BAB II PENDEKATAN TEORITIS
2.1. Tinjauan Pustaka
2.1.1. Pengertian Rumahtangga Pertanian
Rumahtangga adalah seseorang atau sekelompok orang yang mendiami sebagian atau seluruh bangunan fisik serta biasanya tinggal bersama dan
mengkonsumsi makanan yang berasal dari satu dapur, dimana kebutuhan sehari- hari anggotanya dikelola menjadi satu BPS, 1996. Adapun yang dimaksud
dengan rumahtangga pertanian adalah rumahtangga yang sekurang-kurangnya satu anggota rumahtangganya melakukan kegiatan bertani atau berkebun,
menanam tanaman kayu-kayuan, beternak ikan di kolam, keramba maupun tambak, menjadi nelayan, melakukan perburuan atau penangkapan satwa liar,
mengusahakan ternak atau unggas ataupun berusaha dalam jasa pertanian dengan tujuan sebagian atau seluruh hasilnya dijual untuk memperoleh pendapatan
ataupun keuntungan atas resiko sendiri.
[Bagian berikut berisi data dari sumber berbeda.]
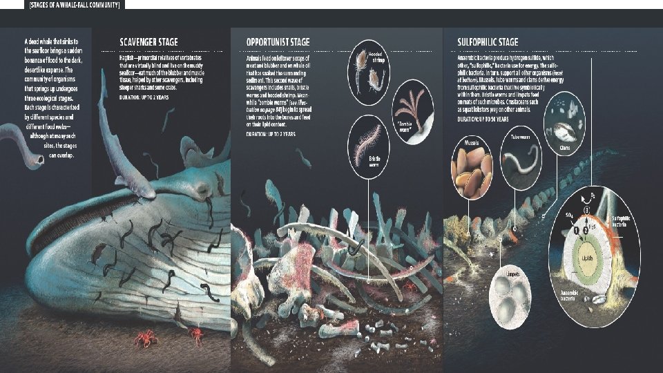LET’S ANALYZE DATA • Page 11 -12 • he varied species that break down the whale exist at all depths. • The specific species that arrive and perform the decomposition of the whale carcasses are different depending on the depth of the whale fall. • The time it takes for each stage can vary widely.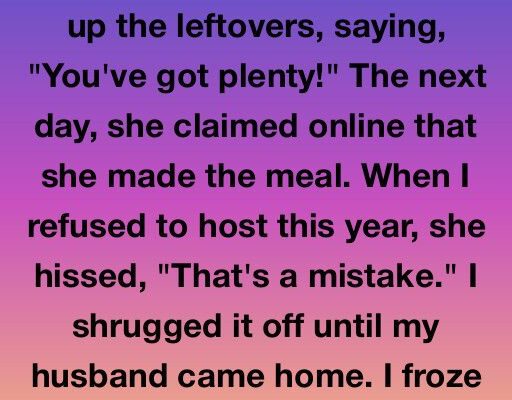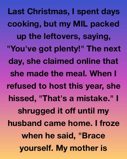 Last Christmas, I spent days cooking, and my MIL walked out with the leftovers, then posted online that she made the entire meal. So this year, I refused to host. The peace didn’t last—my husband came home looking defeated.

Dengan demikian, yang dimaksud dengan rumahtangga usahatani adalah rumahtangga yang salah satu atau lebih anggotanya
mengolah lahan pertanian, baik lahan basah sawah maupun lahan kering, membudidayakan tanaman pertanian, melakukan pengambilan hasil lahan
pertanian dengan tujuan sebagian atau seluruh hasilnya dimanfaatkan sendiri atau dijual untuk memperoleh pendapatan ataupun keuntungan atas resiko sendiri.
2.1.2. Konsep Gender
Gender, secara etomologis diartikan sebagai menjadi laki-laki dan perempuan seta terkait denga isu-isu mengenai perbedaan, relasi dan peranan
gender. Gender pertama kali dinyatakan sebagai suatu karakteristik sosial pada
tahun 1792 oleh Mary Wollstonecraft. Ivy dan Barklund 1995 dalam Mugniesyah 2005 mengemukaan bahwa gender merupakan sesuatu yang
dikonstruksikan, karena gender bukanlah suatu fakta alamiah tetapi secara historis dapat merubah suatu hubungan sosial. Selanjutnya, para ahli peminat studi gender,
diantaranya: Donnel 1988; Eviota 1993; Kabeer 1990; Sudrajat 1994; Fakih 1994; ILO 2000; Wood 2001 mengemukakan definisi gender yang dapat
disimpulkan bahwa gender tidak sama dengan jenis kelamin dan gender bukan berarti perempuan. Gender merupakan suatu bentukkan konstruksi sosial
mengenai perbedaan peran, fungsi serta tanggung jawab antara laki-laki dan perempuan serta bagaimana laki-laki berperilaku maskulin dan perempuan
berperilaku feminin menurut budaya yang berbeda-beda. Perbedaan gender dapat menimbulkan adanya permasalahan seputar
ketidakadilan gender yang mencakup stereotipi, beban kerja, subordinasi, marjinalisasi dan kekerasan. Menyusul pernyataan dari Fakih tersebut,
Mugniesyah mengatakan bahwa perbedaan jenis kelamin telah mempengaruhi manusia untuk memberi persepsi identitas peranan gender atau mengakibatkan
perbedaan peranan gender Mugniesyah, 2006, 8. Perbedaan biologis seringkali menjadi landasan masyarakat untuk mengkotakkan peran perempuan dan laki-
laki. Seorang perempuan yang berperan sebagai ibu dengan kemampuan reproduktif untuk melahirkan dan menyusui membawa masyarakat untuk
menempatkan perempuan kedalam peran-peran pengasuhan yang berkorelasi dengan ‘ibu’. Demikianlah sehingga perempuan mengalami proses domestikasi
atas statusnya sebagai ‘ibu’. Demikian halnya dengan laki-laki yang di’label’i sebagai pencari nafkah dan pekerja, sehingga ia memiliki kekuasaan yang tinggi
atas sumberdaya ekonomi keluarga dan dalam proses pengambilan keputusan sementara perempuan tersubordinasi oleh peranan laki-laki yang dominan.